DATASET SECTION:
--------------------------------------------------

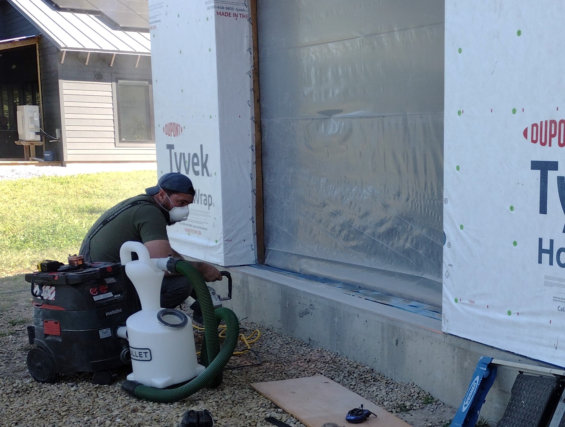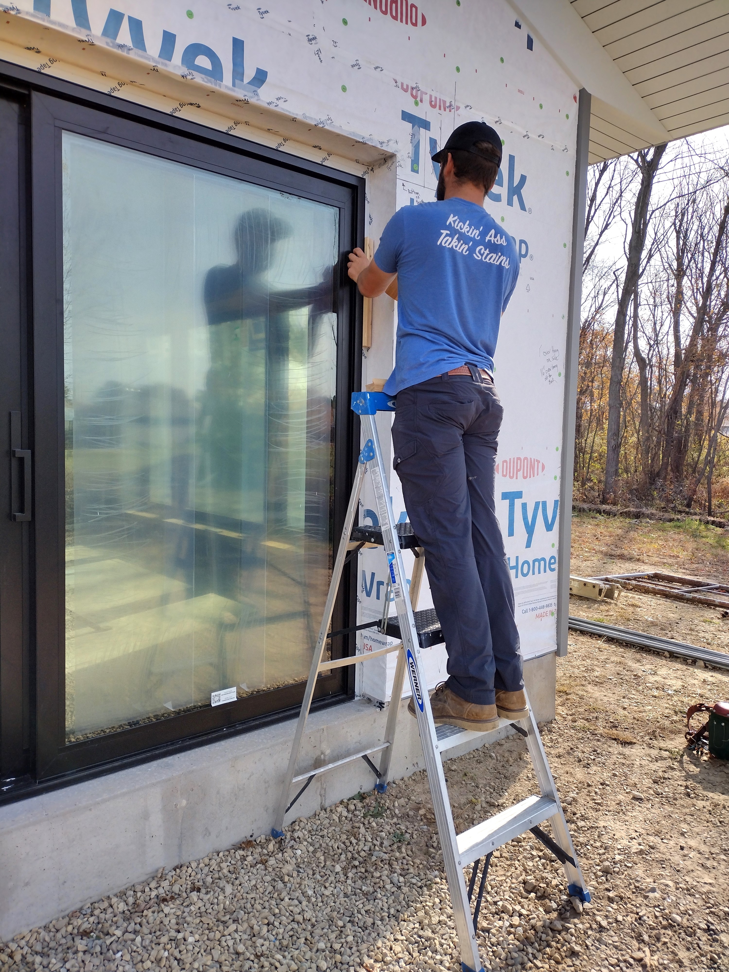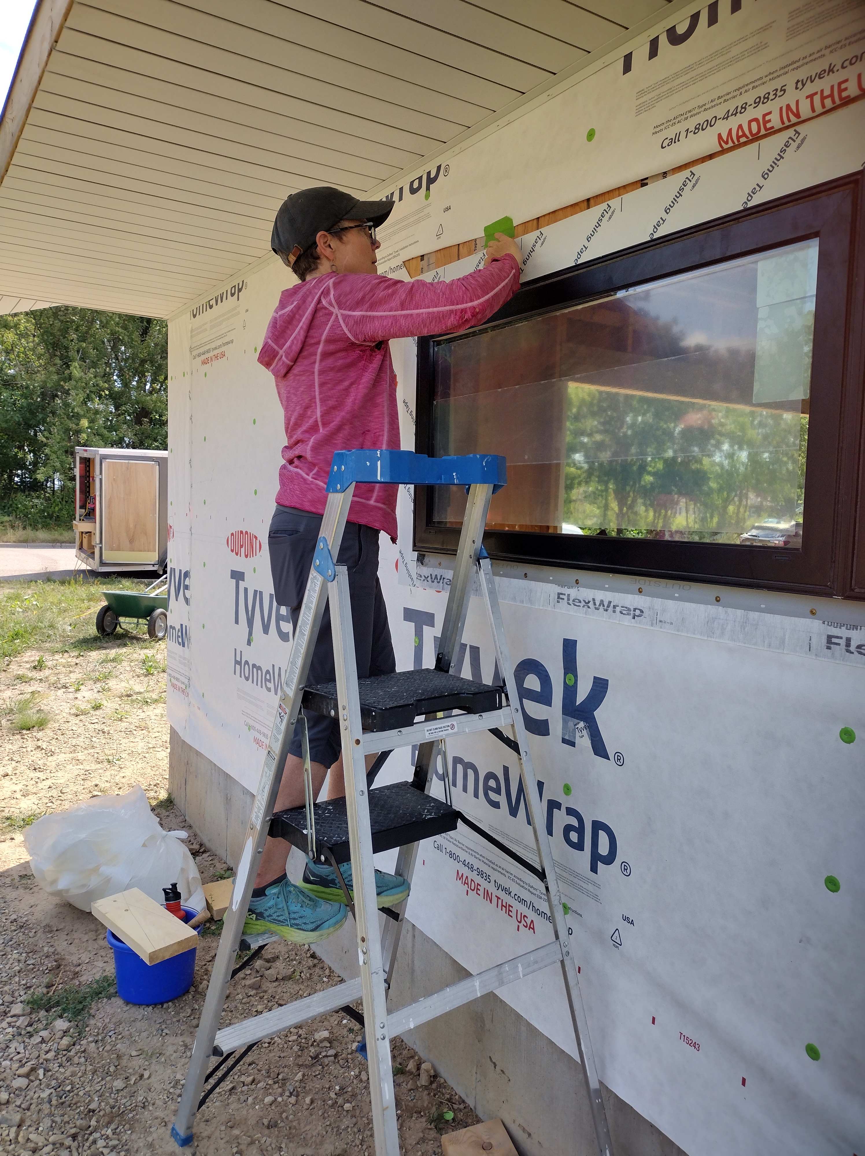 With the Tyvek temporarily turned up at the top, and the FlexWrap providing a waterproof barrier at the sill, the carpenters popped in the windows “level, plumb, and square”.
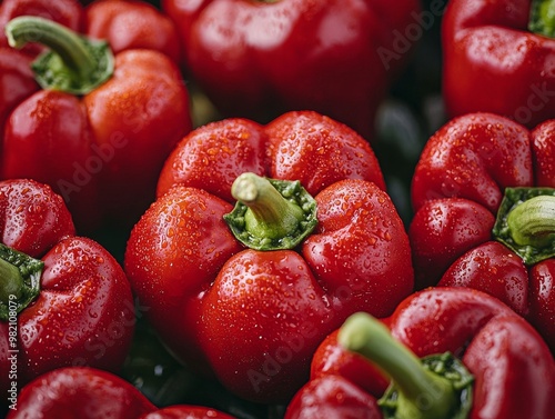 Fresh Red Bell Peppers in Closeup Shot - ai
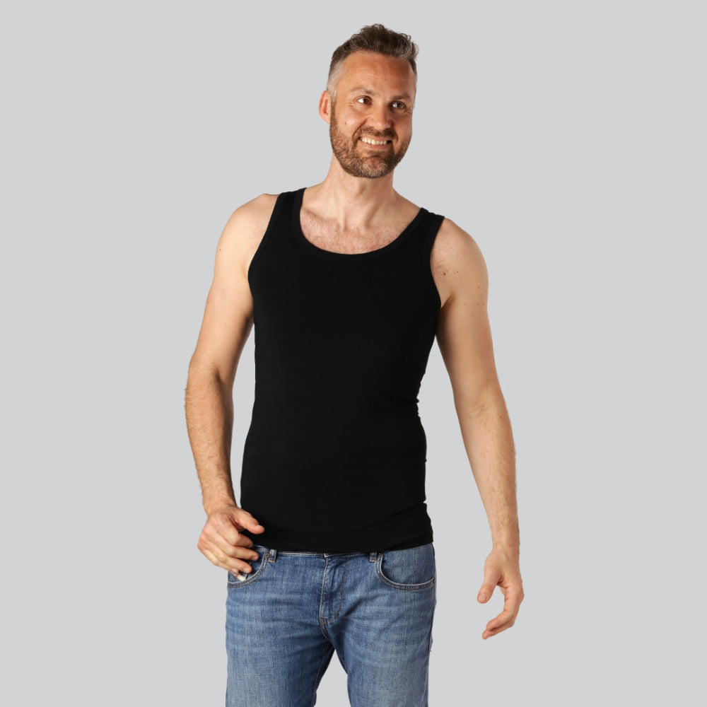 Komfortabel og strækbar sort bambus undertrøje Praktisk påklædning er noget af det bedste! Så er du heldig, for det kan vores bambus undertrøjer til mænd betegnes som. Vores sorte bambus undertrøje har brede stropper, som betyder for dig, at den egner sig

--------------------------------------------------

EXERCISE PROMPT: Please print the data above once more, exactly as it appears, with no pictures.

EXERCISE RESULT:
 With the Tyvek temporarily turned up at the top, and the FlexWrap providing a waterproof barrier at the sill, the carpenters popped in the windows “level, plumb, and square”.
 Fresh Red Bell Peppers in Closeup Shot - ai
 Komfortabel og strækbar sort bambus undertrøje Praktisk påklædning er noget af det bedste! Så er du heldig, for det kan vores bambus undertrøjer til mænd betegnes som. Vores sorte bambus undertrøje har brede stropper, som betyder for dig, at den egner sig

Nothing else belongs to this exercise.